A role for CHROMOMETHYLASE3 in mediating transposon and euchromatin silencing during egg cell reprogramming in Arabidopsis.

During embryogenesis there is a major switch from dependence upon maternally-deposited products to reliance on products of the zygotic genome. In animals, this so-called maternal-to-zygotic transition occurs following a period of transcriptional quiescence. Recently, we have shown that the early embryo in Arabidopsis is also quiescent, a state inherited from the female gamete and linked to specific patterns of H3K9 dimethylation and TERMINAL FLOWER2 (TFL2) localization. We also demonstrated that CHROMOMETHYLASE 3 (CMT3) is required for H3K9 dimethylation in the egg cell and for normal embryogenesis during the first few divisions of the zygote. Subsequent analysis of CMT3 mutants points to a key role in egg cell reprogramming by controlling silencing in both transposon and euchromatic regions.
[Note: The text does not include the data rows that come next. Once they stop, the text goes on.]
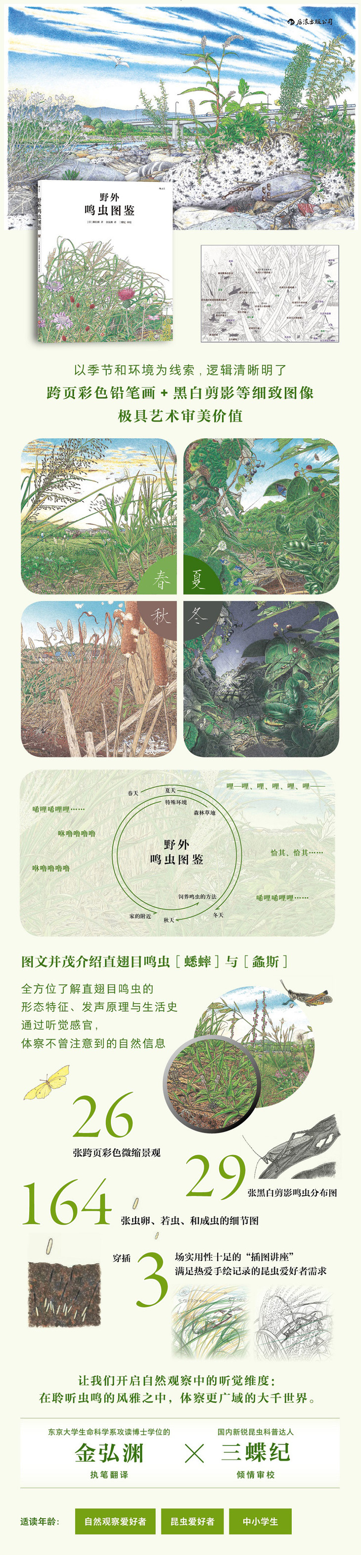 本书由在东京大学生命科学系攻读博士学位的金弘渊执笔翻译,由新锐昆虫科普达人三蝶纪倾情审校。书中另附有作者总结的鸣虫、生境绘画教学指南,可以帮助各位自然爱好者精进观察技能。让我们一起阅读本书,从“聆听”再“见到”更丰富的大自然!
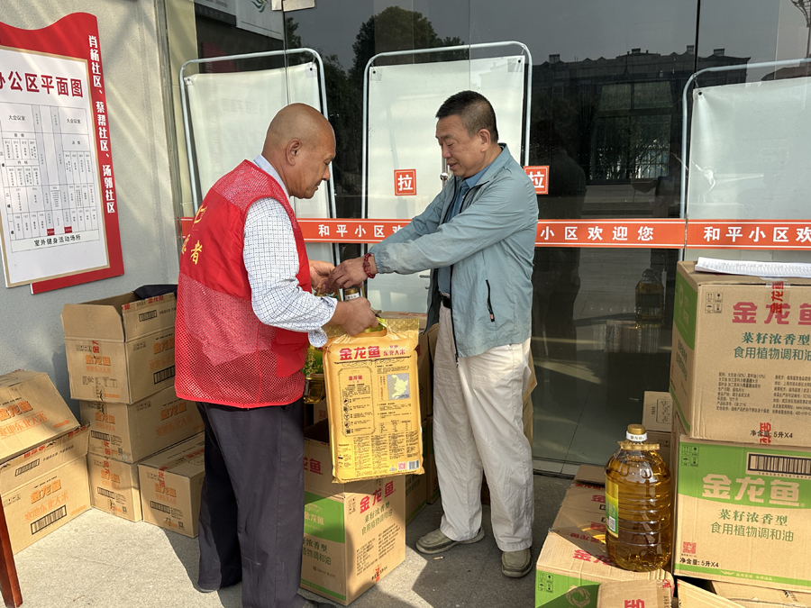 解放街社区邀请老年人相聚一堂,载歌载舞,边品尝美食边聊天话家常,畅谈生活点滴,现场气氛温馨和谐,热闹非凡。蔡帮社区全体党员干部则上门为辖区内60周岁以上的老人免费送去米、面、油等慰问品。
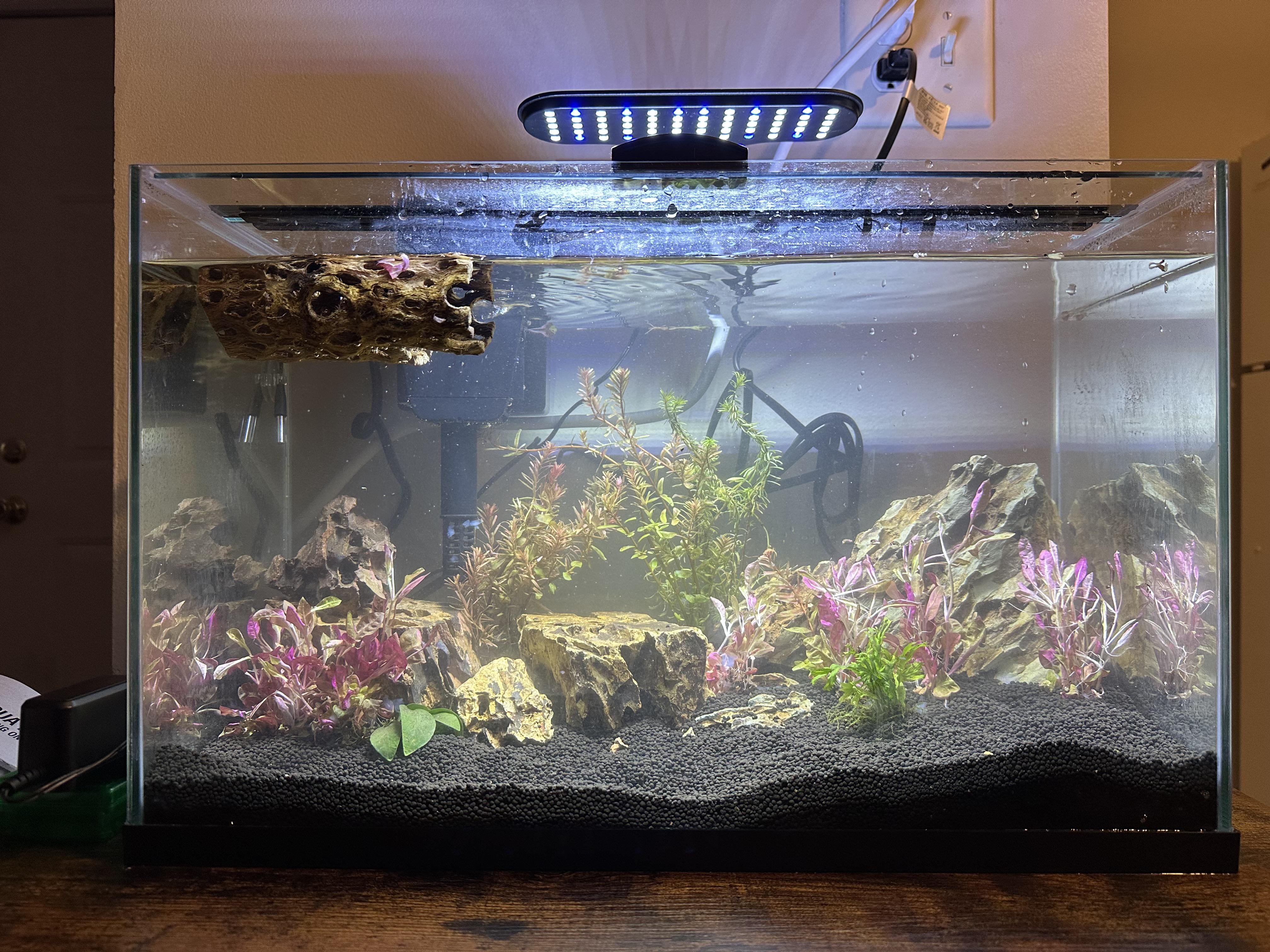 The cholla wood needs to sink, and my friend is getting me some cherry shrimp and assorted plants from his tanks, but hopefully once it cycles this 10 gallon will make a good home! No betta yet, for those looking.
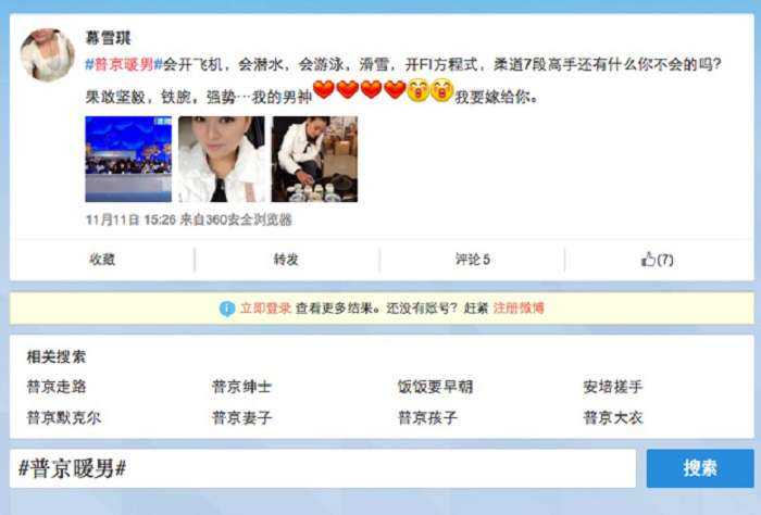 Однако обсуждения «случая с шалью» перенеслось в китайскую соцсеть Weibo (китайский аналог соцсети Twitter), где практически сразу были запущены хэштеги «Заботливый Путин» (#普京暖男) и «Путин джентльмен» (#普京绅士).

A speculative model of the CMT3-induced egg cell silencing is presented here, based on these results and current data from the literature suggesting the potential involvement of small RNAs targeted to the egg cell, a process conceptually similar to the division of labor described in the male gametophyte for which we show that H3K9 modifications and TFL2 localization are reminiscent of the female gametophyte.